**DATA EXTRACTS**.
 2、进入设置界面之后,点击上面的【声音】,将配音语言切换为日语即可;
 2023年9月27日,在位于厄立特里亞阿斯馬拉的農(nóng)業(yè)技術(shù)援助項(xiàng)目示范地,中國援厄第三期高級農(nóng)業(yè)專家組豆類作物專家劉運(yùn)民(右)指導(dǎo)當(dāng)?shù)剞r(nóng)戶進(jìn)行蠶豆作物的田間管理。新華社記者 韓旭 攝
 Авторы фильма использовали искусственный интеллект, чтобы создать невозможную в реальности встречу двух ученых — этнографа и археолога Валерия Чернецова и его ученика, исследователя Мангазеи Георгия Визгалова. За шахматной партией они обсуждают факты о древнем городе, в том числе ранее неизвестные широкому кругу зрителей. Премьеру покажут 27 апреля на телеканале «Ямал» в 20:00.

==

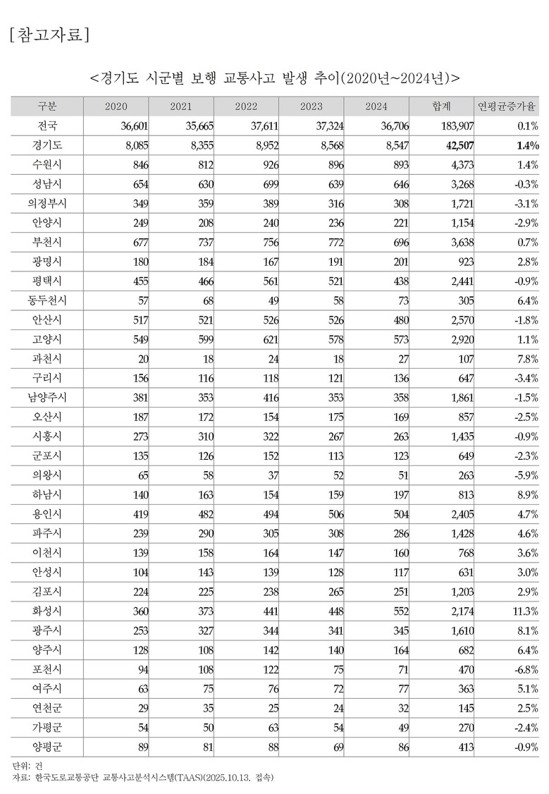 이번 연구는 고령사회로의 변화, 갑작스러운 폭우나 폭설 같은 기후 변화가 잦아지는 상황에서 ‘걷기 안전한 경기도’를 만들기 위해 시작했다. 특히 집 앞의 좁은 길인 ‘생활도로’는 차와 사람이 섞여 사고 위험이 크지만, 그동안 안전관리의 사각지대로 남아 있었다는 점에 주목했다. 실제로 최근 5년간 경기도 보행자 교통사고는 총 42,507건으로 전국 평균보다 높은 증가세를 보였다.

==

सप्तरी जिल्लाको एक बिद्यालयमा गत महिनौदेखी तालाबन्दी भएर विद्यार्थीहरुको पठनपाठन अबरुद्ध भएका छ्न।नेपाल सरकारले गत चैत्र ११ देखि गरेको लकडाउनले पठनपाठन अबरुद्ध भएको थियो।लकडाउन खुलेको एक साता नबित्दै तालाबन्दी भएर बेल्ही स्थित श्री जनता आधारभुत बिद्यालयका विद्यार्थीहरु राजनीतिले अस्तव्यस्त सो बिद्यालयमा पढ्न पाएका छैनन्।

**REQUIRED WORK**. Take exactly the lines from the one containing "2、进入设置界面之后,点击上面的【声音】,将配音语言切换为日语即可;" through the one containing "Авторы фильма использовали" in the data above, and output them with nothing added.

**ANSWER FOR THIS EXERCISE**.
 2、进入设置界面之后,点击上面的【声音】,将配音语言切换为日语即可;
 2023年9月27日,在位于厄立特里亞阿斯馬拉的農(nóng)業(yè)技術(shù)援助項(xiàng)目示范地,中國援厄第三期高級農(nóng)業(yè)專家組豆類作物專家劉運(yùn)民(右)指導(dǎo)當(dāng)?shù)剞r(nóng)戶進(jìn)行蠶豆作物的田間管理。新華社記者 韓旭 攝
 Авторы фильма использовали искусственный интеллект, чтобы создать невозможную в реальности встречу двух ученых — этнографа и археолога Валерия Чернецова и его ученика, исследователя Мангазеи Георгия Визгалова. За шахматной партией они обсуждают факты о древнем городе, в том числе ранее неизвестные широкому кругу зрителей. Премьеру покажут 27 апреля на телеканале «Ямал» в 20:00.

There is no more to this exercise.